Perdi-o de vista há mais de 40 anos. Era meu colega na Caixa Geral de Depósitos, no Calhariz, em Lisboa, quando para ali fui trabalhar em 1971. Embora mais velho, mais "graduado" na profissão, tornámo-nos próximos, desde muito cedo.
Era um homem um tanto abrutalhado, tinha sido condutor da Carris e, da natureza da profissão, ficara-lhe uma atitude política que rimava com a minha. Almoçávamos muitas vezes em grupo no antigo 1° de maio, na Casa da Índia ou, mais frequentemente, no Martins, uma tasca a caminho de Santa Catarina. Tinha o discurso um pouco "ajavardado", contava anedotas "pesadas", saiam-lhe graçolas fortes, com efeito amplificado pela sua voz bem sonora. Mas, no fundo, era um tipo excelente.
No dia 31 de dezembro desse mesmo ano de 1971 (45 anos hoje, caramba!), à hora do almoço na tasca do Martins, num grupo de pessoal "dos Títulos", veio à conversa a passagem de ano dessa mesma noite. O Murta, um outro magnífico colega algarvio, senhor de um humor fino e sentido de oportunidade, virou-se para mim e disse: "Você sabe como é que aqui este nosso colega, desde há muito, faz as passagens de ano?" Eu estava ali há pouco tempo, não fazia a mais leve ideia, mas a gargalhada coletiva do grupo fez-me perceber que estava a perder alguma coisa. E o Murta prosseguiu: "Este homem não gasta champanhe no réveillon!" Eu estava cada vez mais baralhado. O tal colega sorria, deliciado com a minha crescente curiosidade. "Ó homem, conte aqui ao Seixas como é que você passa os fins de ano!", rematou o Murta.
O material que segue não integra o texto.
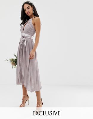 pleated midi bridesmaid dress with cross back and bow detail in grey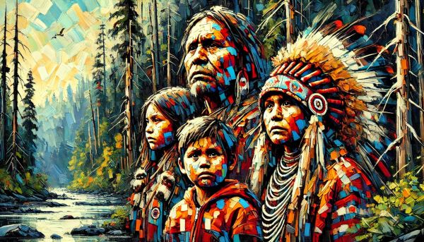Title: Expressionist Tribute to First Nation Family in British Columbia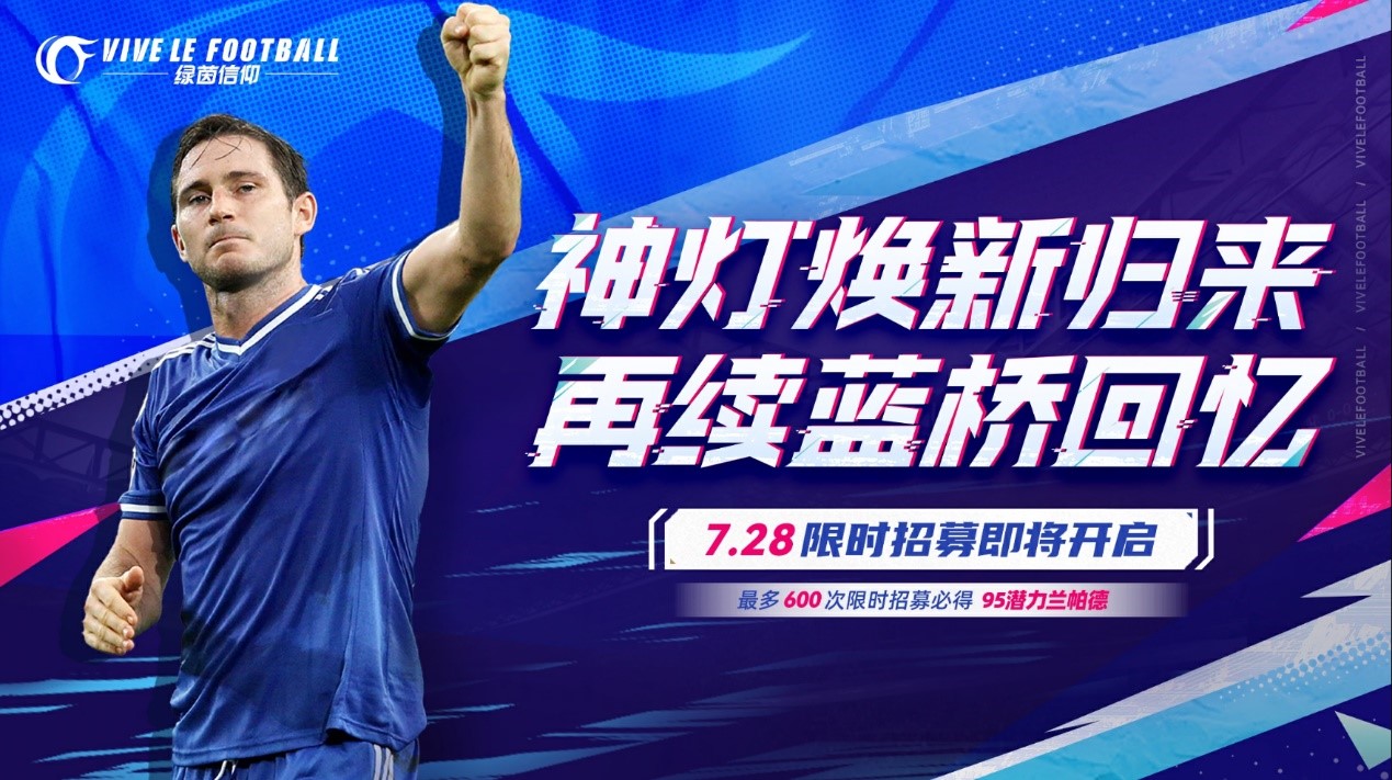 7月28日-8月3日,开启【蓝桥回忆】限时招募卡池,玩家最多只需600次限时招募必得95潜力中前卫兰帕德,让其为您照亮胜利之路。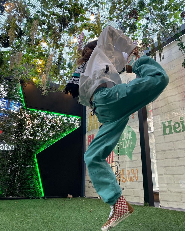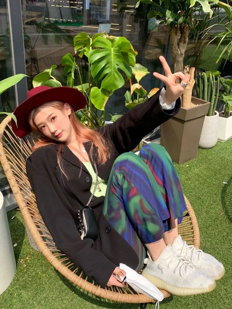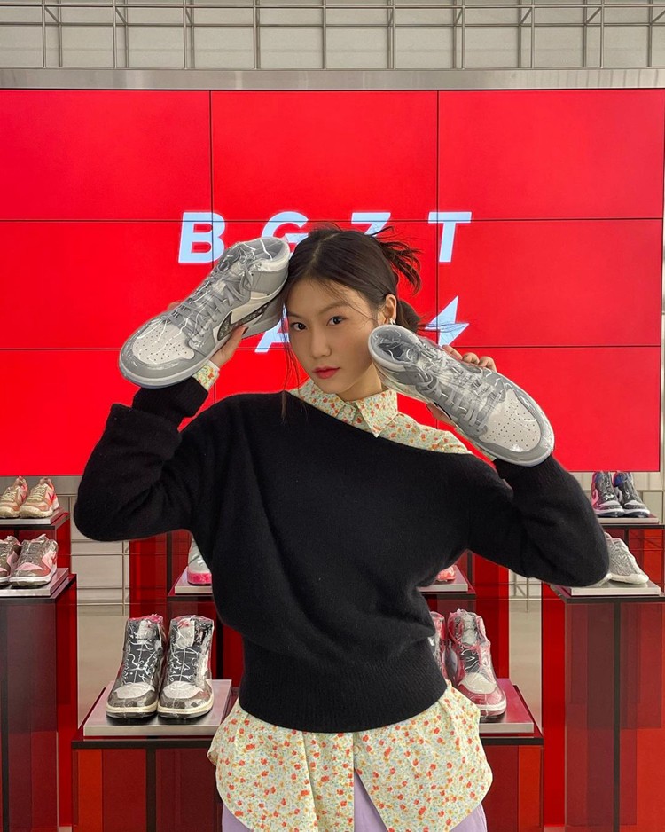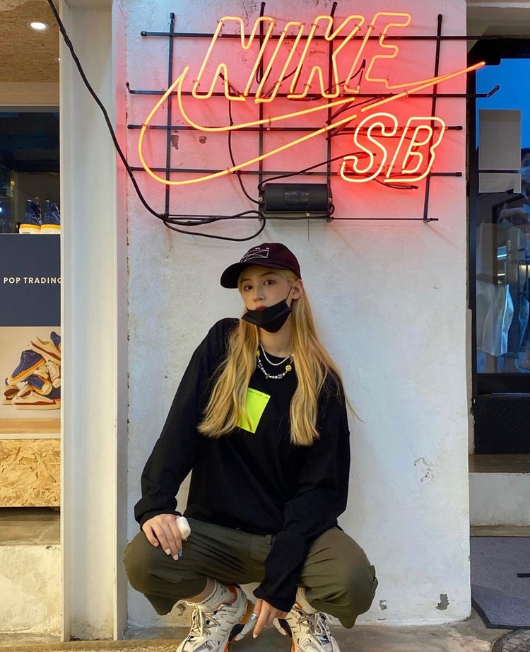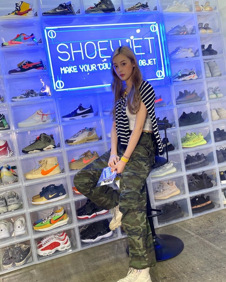 除了温柔甜美以外,柳瑞妍也有着街头酷 Girl 的一面,各种球鞋上脚数不过来。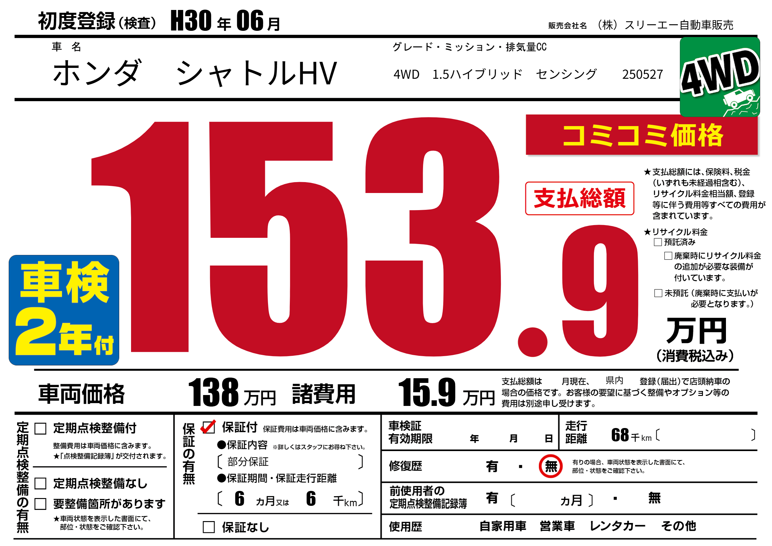 保証付き 保証内容(部分保証) 6ヶ月または(6)千kmまで |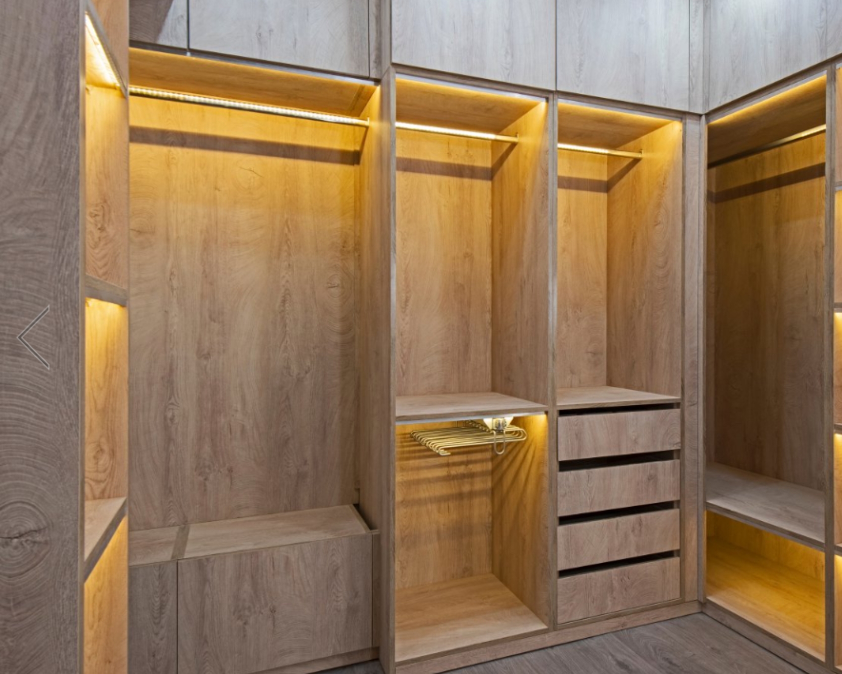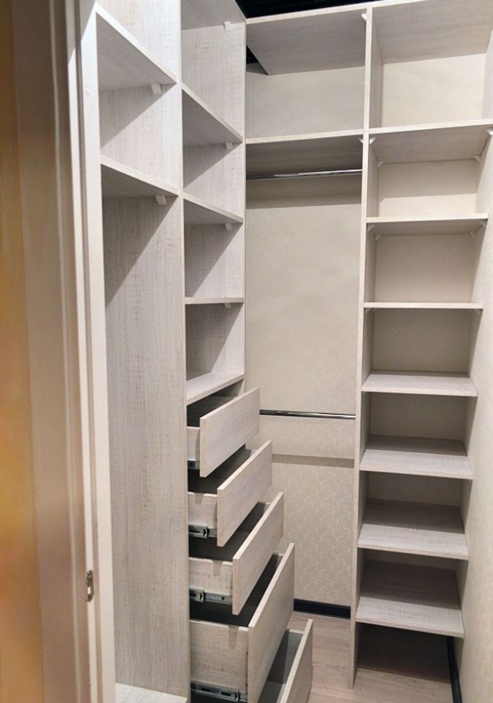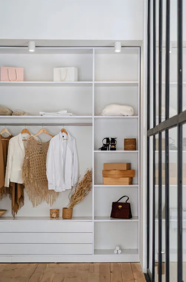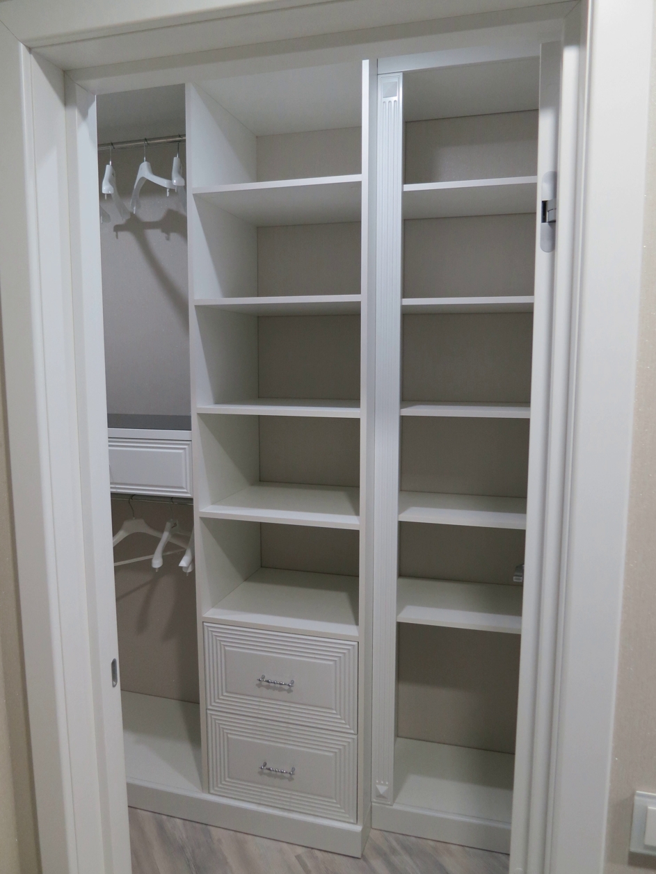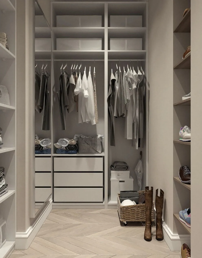 - Улучшенная конфигурация: Индивидуальные отсеки, ящики и регулируемые полки делают организацию одежды и аксессуаров проще, чем когда-либо. Также подумайте о добавлении освещения.

E ele contou. Não vou repetir aqui as palavras utilizadas pelo colega, porque o blogue não tem uma bola vermelha para alertar os mais sensíveis. Só revelo que o hábito desse meu amigo era ir para a cama um quarto de hora antes da passagem de ano. E nunca ia sozinho...
Cada um passa o "reveillon" como mais gosta, não é?